I have tried to make sense of this patch series a few times. I think adding
increasing complications like this will make gateway code unmaintainable.
The whole gateway redirect chassis already makes it un-understandable and
now this will mean that no one will be able to understand it as we go
forward. [/rant off]


> ---
>
> v6->v7:
> * Added this patch
>
>
>  ovn/controller/physical.c   | 60
> ++++++++++++++++++++++++++++++++++++++++++---
>  ovn/northd/ovn-northd.8.xml | 10 ++++++++
>  ovn/northd/ovn-northd.c     | 29 ++++++++++++++++++++++
>  ovn/ovn-architecture.7.xml  |  4 ++-
>  4 files changed, 99 insertions(+), 4 deletions(-)
>
> diff --git a/ovn/controller/physical.c b/ovn/controller/physical.c
> index f269a1d..1f41f59 100644
> --- a/ovn/controller/physical.c
> +++ b/ovn/controller/physical.c
> @@ -190,7 +190,9 @@ get_zone_ids(const struct sbrec_port_binding *binding,
>  static void
>  put_local_common_flows(uint32_t dp_key, uint32_t port_key,
>                         bool nested_container, const struct zone_ids
> *zone_ids,
> -                       struct ofpbuf *ofpacts_p, struct hmap *flow_table)

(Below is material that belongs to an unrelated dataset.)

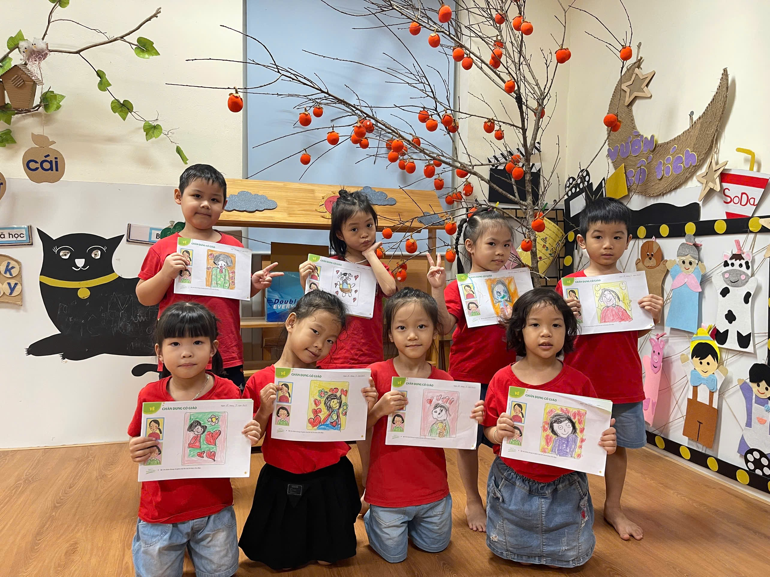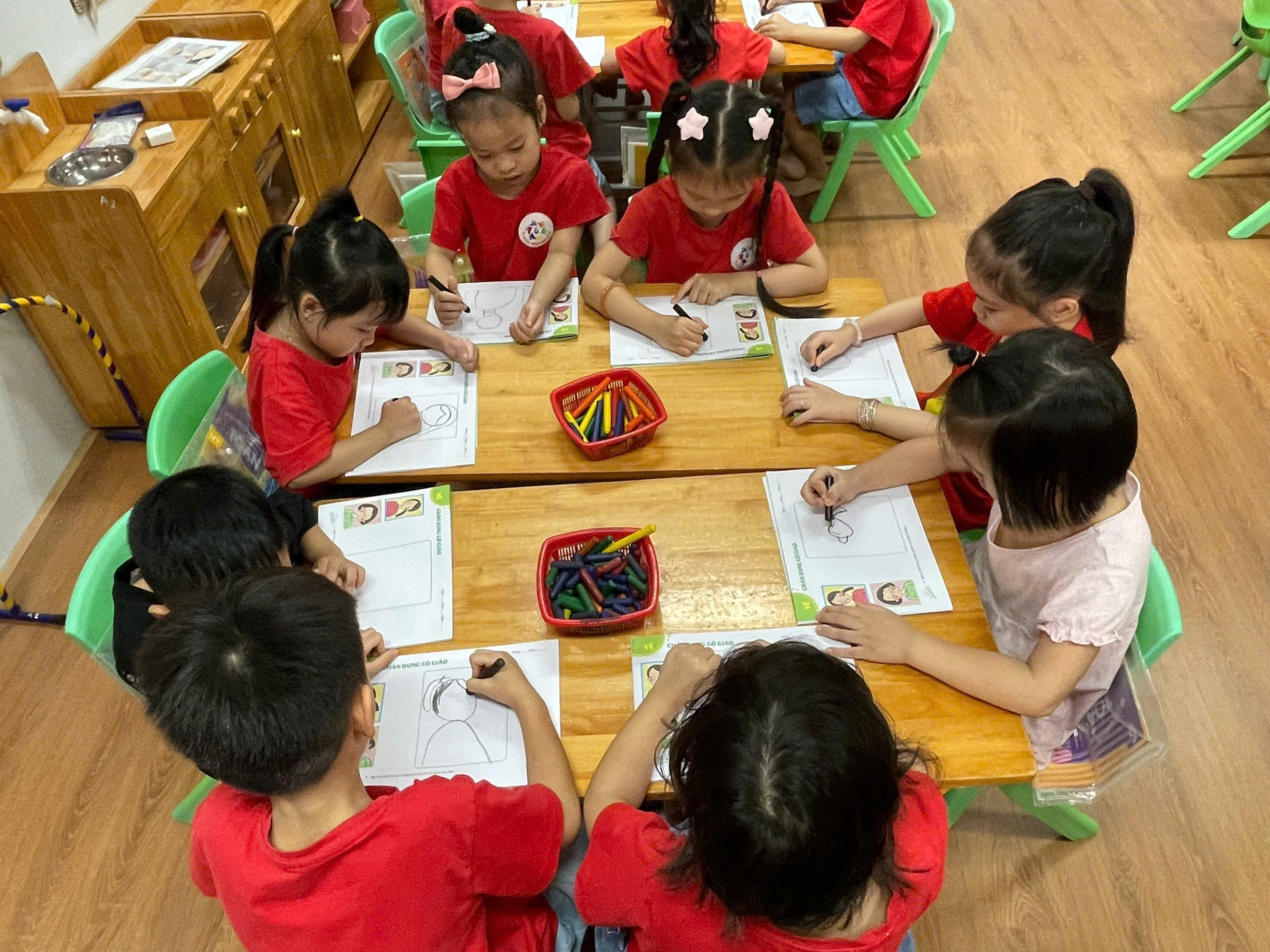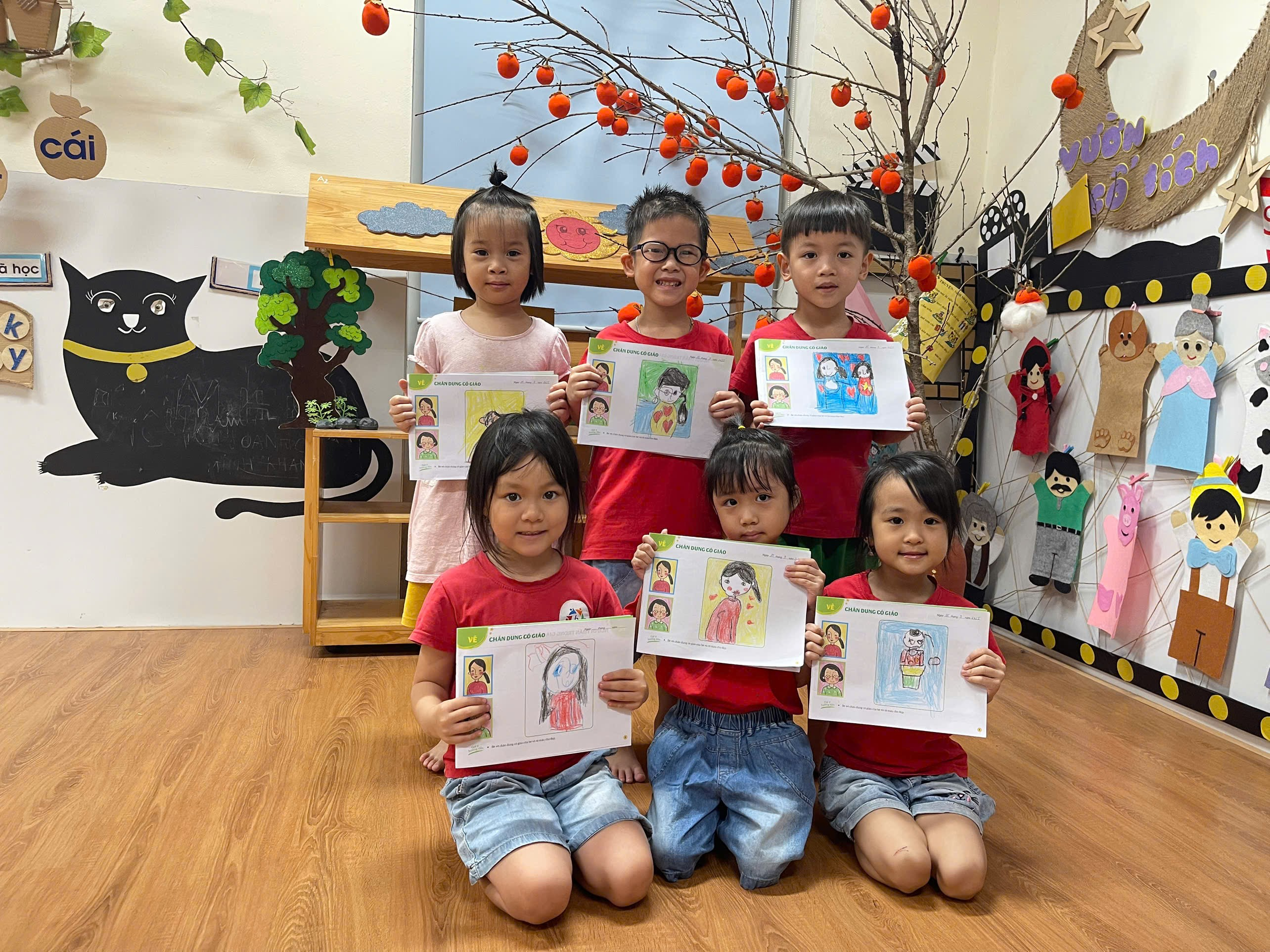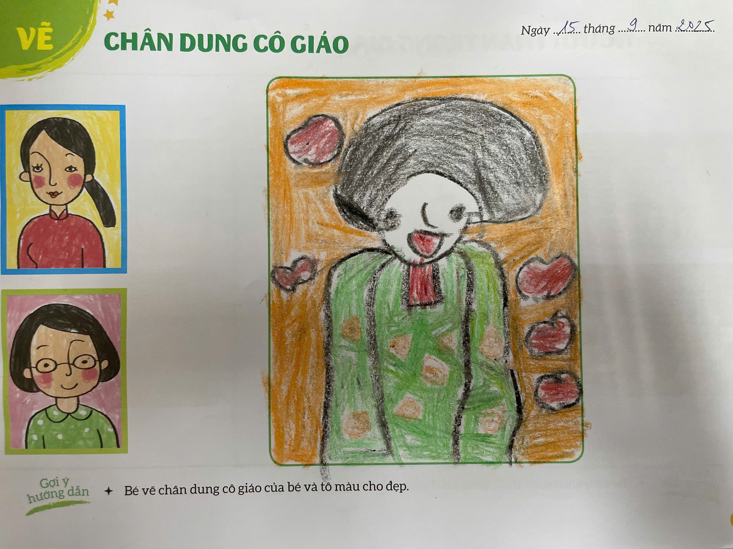 Trong buổi học hôm nay, các bé lớp Mẫu giáo lớn A2 đã có một trải nghiệm thật thú vị và ý nghĩa: Vẽ chân dung cô giáo. Với những cuốn vở tập vẽ mới làm quen, đôi tay nhỏ bé và trí tưởng tượng phong phú, các con đã gửi gắm tình cảm yêu thương dành cho cô vào từng bức tranh.

> +                       struct ofpbuf *ofpacts_p, struct hmap *flow_table,
> +                       struct local_datapath *ld,
> +                       const struct hmap *local_datapaths)
>  {
>      struct match match;
>
> @@ -221,11 +223,63 @@ put_local_common_flows(uint32_t dp_key, uint32_t
> port_key,
>          }
>      }
>
> +    struct ofpbuf *clone = NULL;
> +    clone = ofpbuf_clone(ofpacts_p);
> +
>      /* Resubmit to table 34. */
>      put_resubmit(OFTABLE_CHECK_LOOPBACK, ofpacts_p);
>      ofctrl_add_flow(flow_table, OFTABLE_LOCAL_OUTPUT, 100, 0,
>                      &match, ofpacts_p);
>
> +    /* For a reply packet from gateway with VLAN switch port as
> destination
> +     * (excluding localnet_port and external VLAN networks), gateway
> router
> +     * will use gateway MAC address as source MAC instead of router
> internal
> +     * port MAC, so that external switches can learn gateway MAC address.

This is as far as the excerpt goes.